The IPO will open for subscription from November 6 to 8, the company's red herring prospectus showed
Photo: Reuters file
Indian food delivery giant Swiggy will likely price its $1.35 billion domestic initial public offering, which opens next week, at 371-390 rupees per share ($4.41-$4.64), sources with direct knowledge of the matter told Reuters.
The IPO will open for subscription from November 6 to 8, the company's red herring prospectus dated Monday showed. Anchor investors will bid for shares on Nov. 5.
Swiggy is expected to list its shares on November 13.

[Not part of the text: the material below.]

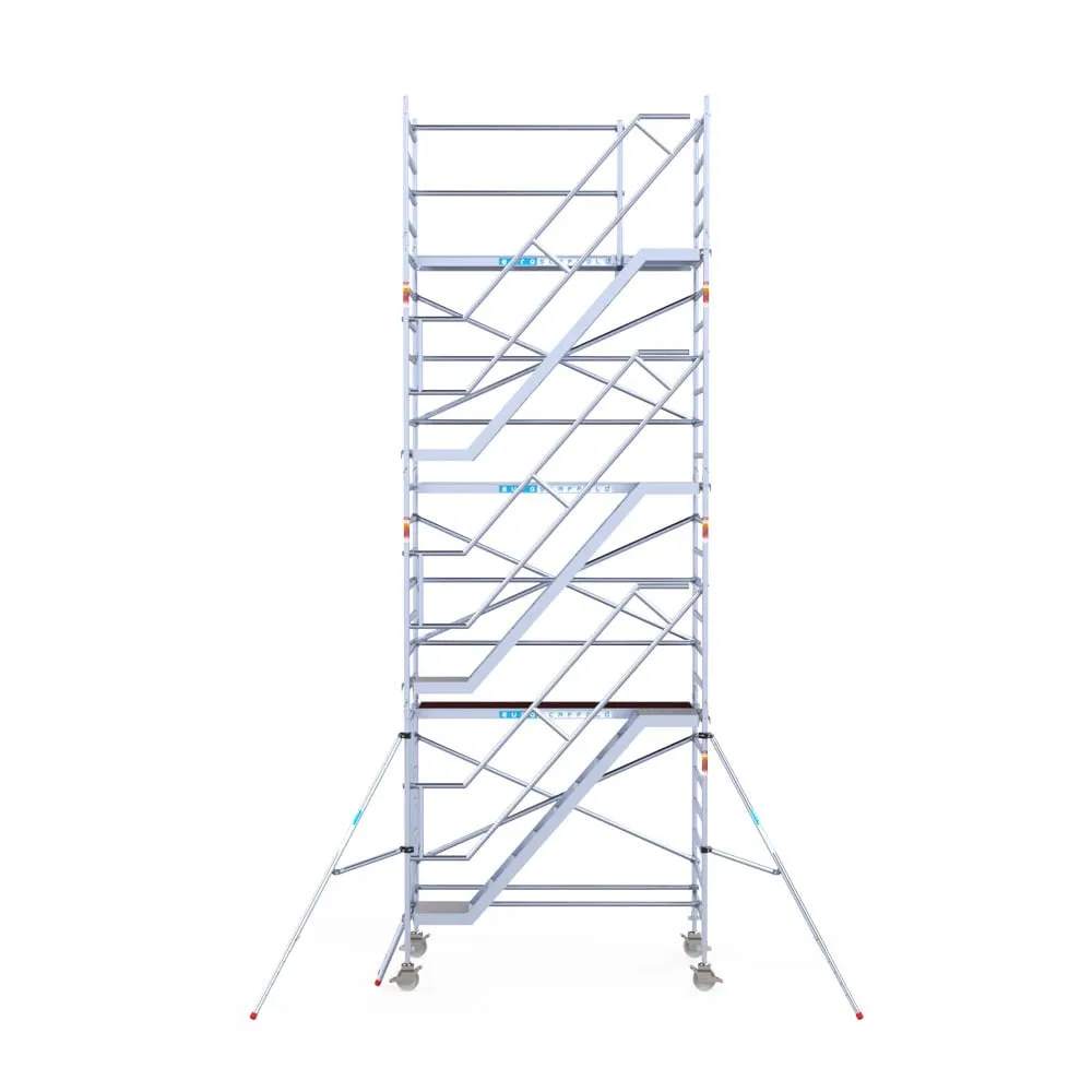 Wieża schodowa o szerokości 135 cm i długości 250 cm to gwarancja wygody i bezpieczeństwa. Wygodnie wniesiesz sprzęt oraz bezpiecznie wejdziesz na żądaną wysokość!

The share sale will be the country's second-biggest stock offering this year, behind Hyundai Motor India's $3.3 billion IPO earlier this month, which had seen subdued interest from retail investors.
The food and grocery delivery firm, which competes with listed rival Zomato, will sell new shares worth 44.99 billion rupees ($535.14 million), more than the 37.5 billion rupees originally planned.

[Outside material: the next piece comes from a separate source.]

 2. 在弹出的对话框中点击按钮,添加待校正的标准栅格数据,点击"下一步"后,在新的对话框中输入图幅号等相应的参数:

Existing shareholders including Prosus and Tencent are selling a total of 175.1 million shares.
Swiggy has in recent weeks cut its internal valuation goal twice by a combined 25 per cent due to volatility in Indian stock markets. It was initially looking at a valuation of as much as $15 billion, but following those cuts, it is now targeting $11.3 billion.

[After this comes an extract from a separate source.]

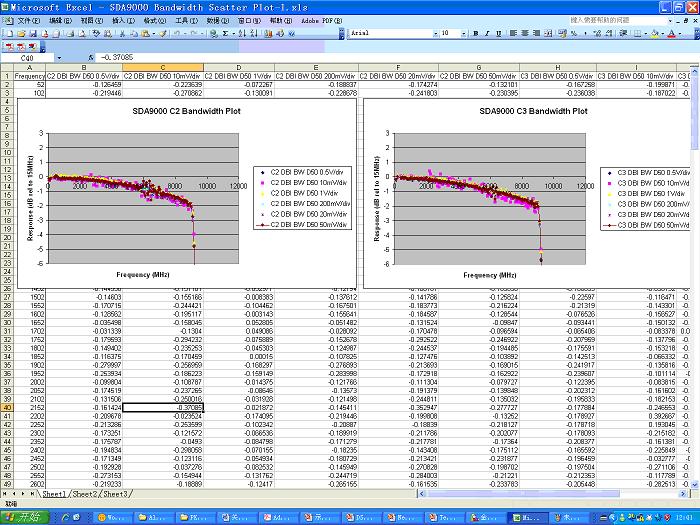 此外,在计量波特图时需要对示波器每个档位都进行计量,最终产生的波特图是所有档位的结果叠加在一起的。波特图的计量是需要半天时间完成的,并不是想象中那么轻松的工作。如图8所示是力科SDA9000的波特图,我特地将Excel中大量数据显示给大家以使大家对校准的严谨性有深刻认识。 其垂直轴是-1dB/div, 叠加了10mv/div、20mv/div、50mv/div、200mv/div、500mv/div、1v/div等档位的测试结果。 很多时候,我们的竞争对手会把他们的波特图画成-10dB/div、只有一个档位的测试结果拿给客户,并和力科提供的这种-1dB/div、各种档位叠在一起显示的结果放在一起进行对比,然后他们告诉客户,他们的波特图更平坦,更干净,甚至将力科波特图上面密密麻麻的点说成是“噪音”大。这是有点贻笑天下的。 竞争对手敢于一再采用这种做法,这是假设中国的工程师都没有辨别力,独立思考能力,是对工程师严重不尊重的公然欺骗行为。希望能引起大家注意。
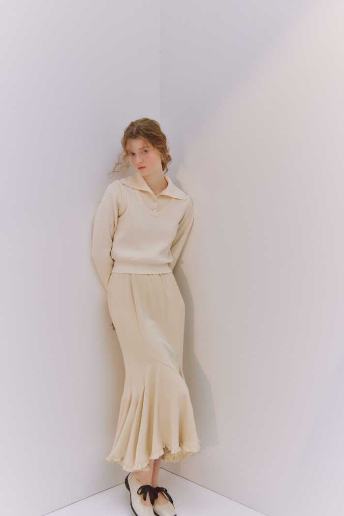 CARDIGAN13,200円、ONE-PIECE19,800円の組み合わせをはじめ、JACKET24,200円、CAMISOLE4,950円、SKIRT16,500円など、奥行きのあるスタイリングを提案します。

Swiggy did not respond to a Reuters request for comment.
India's benchmark Nifty 50 index is now down more than 8 per cent from record highs hit on September 27 due to persistent foreign selling.
Despite recent jitters, India's IPO market has been buoyant, with around 270 companies raising $12.57 billion so far this year, well above the $7.4 billion raised in all of 2023, LSEG data showed.